→ Exercise:
Using the records below, write out only the lines from the line containing "Step outside to" up to and including the line containing "1915 FA Cup", exactly, with no pictures.

→ Task inputs:
>>>

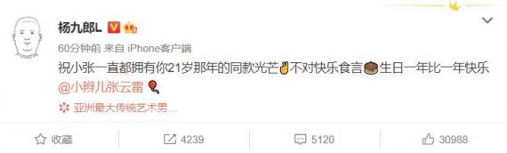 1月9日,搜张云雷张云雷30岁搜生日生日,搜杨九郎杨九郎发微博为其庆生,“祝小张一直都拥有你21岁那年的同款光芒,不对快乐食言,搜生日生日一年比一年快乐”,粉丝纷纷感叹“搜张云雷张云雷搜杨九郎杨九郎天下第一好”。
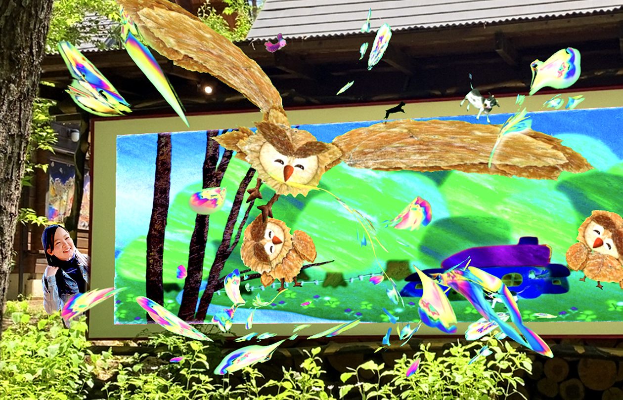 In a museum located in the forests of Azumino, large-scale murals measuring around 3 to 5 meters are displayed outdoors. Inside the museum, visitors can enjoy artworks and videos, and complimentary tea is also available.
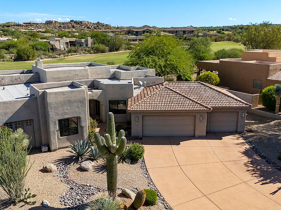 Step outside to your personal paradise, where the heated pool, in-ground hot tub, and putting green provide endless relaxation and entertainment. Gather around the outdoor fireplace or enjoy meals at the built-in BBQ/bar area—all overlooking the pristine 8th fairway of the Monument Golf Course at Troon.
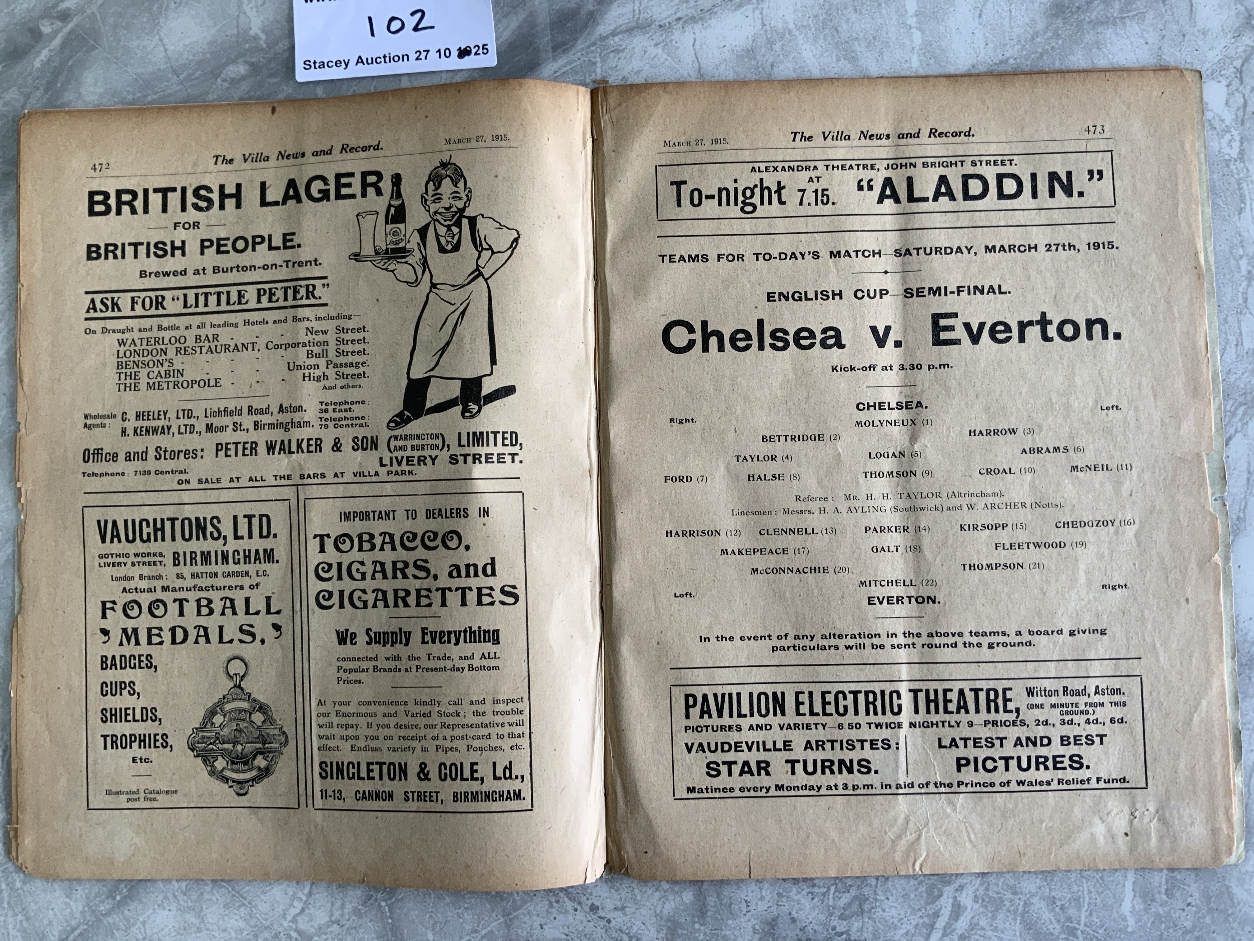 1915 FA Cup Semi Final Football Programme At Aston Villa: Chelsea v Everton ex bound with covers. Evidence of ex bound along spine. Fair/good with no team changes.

<<<
>>>

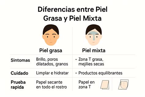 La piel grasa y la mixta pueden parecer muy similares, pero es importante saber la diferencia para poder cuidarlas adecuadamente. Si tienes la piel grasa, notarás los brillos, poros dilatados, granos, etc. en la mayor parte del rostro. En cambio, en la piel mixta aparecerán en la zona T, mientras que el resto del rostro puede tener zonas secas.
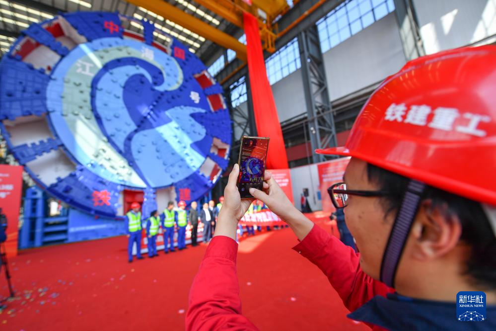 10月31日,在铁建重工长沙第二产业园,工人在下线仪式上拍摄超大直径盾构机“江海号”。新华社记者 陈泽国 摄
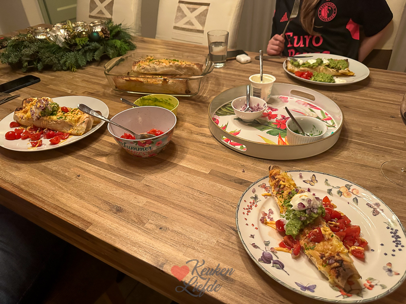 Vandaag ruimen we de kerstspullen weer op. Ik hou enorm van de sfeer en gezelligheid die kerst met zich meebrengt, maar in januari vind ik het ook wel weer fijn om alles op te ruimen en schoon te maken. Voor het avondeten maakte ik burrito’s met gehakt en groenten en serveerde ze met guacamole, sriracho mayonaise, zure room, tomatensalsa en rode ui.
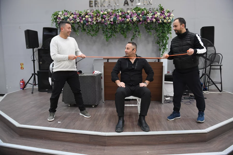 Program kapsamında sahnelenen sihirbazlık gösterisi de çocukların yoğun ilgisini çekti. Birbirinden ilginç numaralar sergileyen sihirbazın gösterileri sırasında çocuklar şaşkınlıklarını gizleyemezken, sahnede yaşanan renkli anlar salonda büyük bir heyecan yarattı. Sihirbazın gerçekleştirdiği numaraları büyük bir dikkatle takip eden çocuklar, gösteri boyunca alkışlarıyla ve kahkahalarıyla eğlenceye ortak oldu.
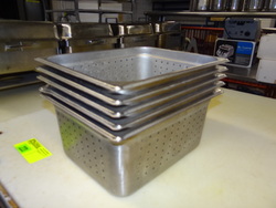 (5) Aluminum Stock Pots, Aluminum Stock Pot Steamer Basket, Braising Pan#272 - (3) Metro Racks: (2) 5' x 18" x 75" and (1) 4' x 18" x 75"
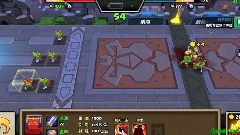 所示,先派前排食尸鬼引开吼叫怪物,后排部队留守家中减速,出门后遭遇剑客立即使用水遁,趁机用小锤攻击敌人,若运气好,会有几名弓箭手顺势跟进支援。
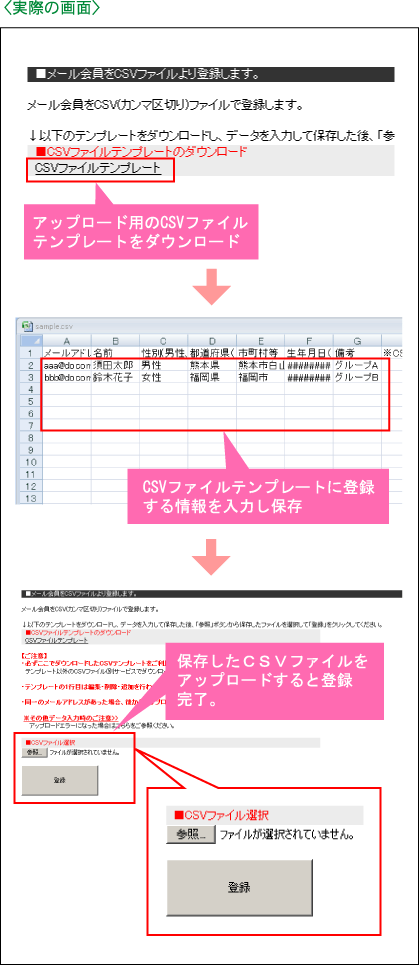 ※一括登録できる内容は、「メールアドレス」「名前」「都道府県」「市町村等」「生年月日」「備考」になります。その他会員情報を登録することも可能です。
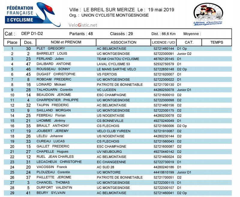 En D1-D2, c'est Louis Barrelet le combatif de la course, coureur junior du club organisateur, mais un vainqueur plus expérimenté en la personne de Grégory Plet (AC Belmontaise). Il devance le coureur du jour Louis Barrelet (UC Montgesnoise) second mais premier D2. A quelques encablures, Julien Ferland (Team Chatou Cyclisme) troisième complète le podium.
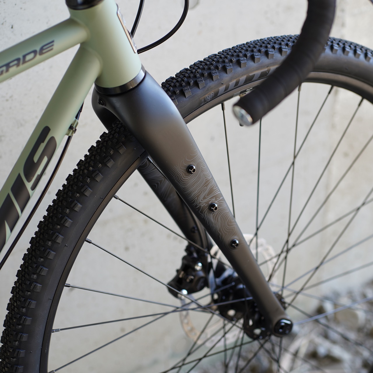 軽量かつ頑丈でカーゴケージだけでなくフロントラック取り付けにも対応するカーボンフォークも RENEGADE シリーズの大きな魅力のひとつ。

<<<

→ Reply to the task:
 Step outside to your personal paradise, where the heated pool, in-ground hot tub, and putting green provide endless relaxation and entertainment. Gather around the outdoor fireplace or enjoy meals at the built-in BBQ/bar area—all overlooking the pristine 8th fairway of the Monument Golf Course at Troon.
 1915 FA Cup Semi Final Football Programme At Aston Villa: Chelsea v Everton ex bound with covers. Evidence of ex bound along spine. Fair/good with no team changes.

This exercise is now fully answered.